Девочка держала в руках большую куклу с золотыми волосами, одетую точь-в-точь как она, с многочисленными бантиками.
— Wie gemütlich![31]
— сказал проходивший мимо немец и, расчувствовавшись, улыбнулся.В ту же минуту девочка в розовом отодвинулась в сторону, подобрала платье, освободив рядом с собой место, и сказала негромко, словно бы обращаясь к своей кукле:
— Садись быстрее!
Стасик, услышав знакомый голос и польскую речь, остолбенел от удивления.
Кукла упала на колени девочки, и из бантов выглянула сердитая физиономия Кшиси.
— Чего смотришь?! Залезай, а то не догоним!
Одним прыжком Стасик вскочил на сиденье.
А когда экипаж двинулся с места, Кристина, вздохнув, сказала:
— Придется мне за это целый месяц по вечерам драить рикшу.
— Где же ты ее раздобыла?
— Это пан Игнац с Беднарской… Мы договорились, и он отказывался от всех рейсов, хотя публика валила к нему самая шикарная, даже с валютой.
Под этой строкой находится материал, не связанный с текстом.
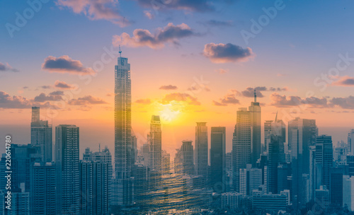 © kieferpix, Fototapeta premium City sunset skyline. Double exposure.

А мы все время вас ждали… Я знала, что пригожусь…
И они помчались вдогонку за тележкой с книгами.
Рабочие старались тащить тележку помедленнее. Но охранники всячески подгоняли их, и, несмотря на опоздание, тележка уже подъезжала к Крулевской улице, откуда до университетских ворот оставалось метров двести, не больше.
В эту минуту тележке преградил дорогу элегантный экипаж. Рикша не сводил глаз с купола костела визитинок, словно увидел там что-то интересное и теперь хотел обратить на это внимание своих пассажиров.
— Ist da!
— Нет!
— Есть!
В экипаже стояла девочка во всем розовом с большой куклой в руках, которой она что-то показывала, от восторга хлопая при этом в ладоши. Вокруг них тотчас же собралась толпа зевак.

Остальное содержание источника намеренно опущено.